SOURCE INFORMATION:

━━━━━━━━

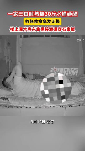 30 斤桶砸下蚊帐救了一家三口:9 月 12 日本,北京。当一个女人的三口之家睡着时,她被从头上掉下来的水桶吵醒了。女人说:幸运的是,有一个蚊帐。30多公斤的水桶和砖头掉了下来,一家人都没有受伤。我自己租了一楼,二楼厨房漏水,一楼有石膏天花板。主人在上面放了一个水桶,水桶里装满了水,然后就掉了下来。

━━━━━━━━

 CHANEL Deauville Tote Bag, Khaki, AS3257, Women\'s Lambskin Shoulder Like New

━━━━━━━━

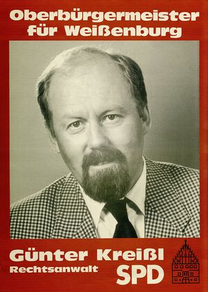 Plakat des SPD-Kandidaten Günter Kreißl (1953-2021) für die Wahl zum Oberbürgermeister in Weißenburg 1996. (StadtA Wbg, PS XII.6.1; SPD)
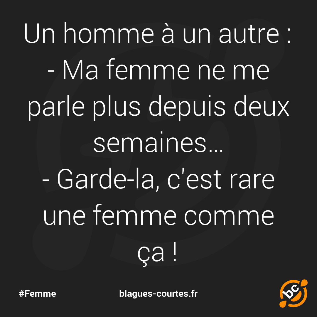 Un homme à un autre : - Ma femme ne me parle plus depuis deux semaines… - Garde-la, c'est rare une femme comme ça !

━━━━━━━━

From the material above, give again exactly the lines from the one that contains "Plakat des SPD-Kandidaten" through the one that contains "Un homme à un", and leave out the pictures.

 Plakat des SPD-Kandidaten Günter Kreißl (1953-2021) für die Wahl zum Oberbürgermeister in Weißenburg 1996. (StadtA Wbg, PS XII.6.1; SPD)
 Un homme à un autre : - Ma femme ne me parle plus depuis deux semaines… - Garde-la, c'est rare une femme comme ça !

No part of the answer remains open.